### [Directions for this task]
Beginning with the line that has "メニューが沢山あるようですが" in it, transcribe the listing exactly through its final line, and add nothing.
[Dataset entries]
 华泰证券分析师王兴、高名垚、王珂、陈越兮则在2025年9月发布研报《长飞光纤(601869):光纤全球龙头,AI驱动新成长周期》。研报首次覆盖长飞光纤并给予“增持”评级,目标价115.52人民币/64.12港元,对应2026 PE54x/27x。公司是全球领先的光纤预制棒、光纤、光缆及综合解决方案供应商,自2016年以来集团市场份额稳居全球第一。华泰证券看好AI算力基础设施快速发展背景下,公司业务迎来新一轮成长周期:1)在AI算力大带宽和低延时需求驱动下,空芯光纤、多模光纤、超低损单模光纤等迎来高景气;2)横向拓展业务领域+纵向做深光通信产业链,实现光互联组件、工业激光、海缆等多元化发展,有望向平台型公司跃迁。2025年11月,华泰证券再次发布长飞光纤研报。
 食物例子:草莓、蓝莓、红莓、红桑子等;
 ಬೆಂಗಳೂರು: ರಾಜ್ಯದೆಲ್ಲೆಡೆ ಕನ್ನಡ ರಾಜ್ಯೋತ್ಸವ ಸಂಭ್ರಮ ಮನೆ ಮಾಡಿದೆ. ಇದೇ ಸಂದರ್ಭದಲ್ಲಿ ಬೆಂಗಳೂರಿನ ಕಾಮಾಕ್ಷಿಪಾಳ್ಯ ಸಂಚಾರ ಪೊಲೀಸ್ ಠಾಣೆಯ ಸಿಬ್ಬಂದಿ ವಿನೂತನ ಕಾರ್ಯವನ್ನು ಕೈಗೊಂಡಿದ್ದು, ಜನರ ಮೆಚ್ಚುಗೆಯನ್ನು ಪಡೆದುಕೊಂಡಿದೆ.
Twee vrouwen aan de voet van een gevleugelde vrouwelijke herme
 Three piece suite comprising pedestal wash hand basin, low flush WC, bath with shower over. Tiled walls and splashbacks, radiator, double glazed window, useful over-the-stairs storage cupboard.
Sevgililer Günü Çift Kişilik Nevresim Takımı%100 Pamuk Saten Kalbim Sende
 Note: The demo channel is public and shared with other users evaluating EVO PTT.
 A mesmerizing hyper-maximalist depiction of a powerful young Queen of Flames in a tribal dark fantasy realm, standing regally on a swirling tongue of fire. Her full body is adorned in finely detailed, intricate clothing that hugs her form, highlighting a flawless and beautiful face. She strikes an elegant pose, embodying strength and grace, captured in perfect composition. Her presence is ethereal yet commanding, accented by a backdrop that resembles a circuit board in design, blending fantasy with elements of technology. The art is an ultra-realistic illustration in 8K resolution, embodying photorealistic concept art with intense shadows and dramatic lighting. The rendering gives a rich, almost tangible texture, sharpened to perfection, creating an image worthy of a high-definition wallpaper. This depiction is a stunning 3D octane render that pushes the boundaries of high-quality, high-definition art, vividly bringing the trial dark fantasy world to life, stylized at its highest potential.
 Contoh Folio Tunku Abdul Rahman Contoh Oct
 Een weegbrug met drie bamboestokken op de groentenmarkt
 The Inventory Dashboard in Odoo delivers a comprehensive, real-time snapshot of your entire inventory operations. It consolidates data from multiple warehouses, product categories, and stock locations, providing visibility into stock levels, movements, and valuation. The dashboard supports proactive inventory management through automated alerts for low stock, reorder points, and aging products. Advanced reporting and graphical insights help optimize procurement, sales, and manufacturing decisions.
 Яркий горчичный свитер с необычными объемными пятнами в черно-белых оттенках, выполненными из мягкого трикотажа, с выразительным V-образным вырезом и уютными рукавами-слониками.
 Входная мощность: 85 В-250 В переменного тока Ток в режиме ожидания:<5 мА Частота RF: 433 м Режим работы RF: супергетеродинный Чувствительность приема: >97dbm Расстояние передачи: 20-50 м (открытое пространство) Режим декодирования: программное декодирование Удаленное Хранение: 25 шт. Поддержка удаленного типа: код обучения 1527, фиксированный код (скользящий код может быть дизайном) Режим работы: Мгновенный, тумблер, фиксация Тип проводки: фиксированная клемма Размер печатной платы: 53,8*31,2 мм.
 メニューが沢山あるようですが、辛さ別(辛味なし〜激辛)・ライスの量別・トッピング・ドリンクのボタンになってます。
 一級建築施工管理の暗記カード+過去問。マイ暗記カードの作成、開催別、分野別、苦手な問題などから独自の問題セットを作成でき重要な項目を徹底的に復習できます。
[/Dataset entries]
### [The answer]
 メニューが沢山あるようですが、辛さ別(辛味なし〜激辛)・ライスの量別・トッピング・ドリンクのボタンになってます。
 一級建築施工管理の暗記カード+過去問。マイ暗記カードの作成、開催別、分野別、苦手な問題などから独自の問題セットを作成でき重要な項目を徹底的に復習できます。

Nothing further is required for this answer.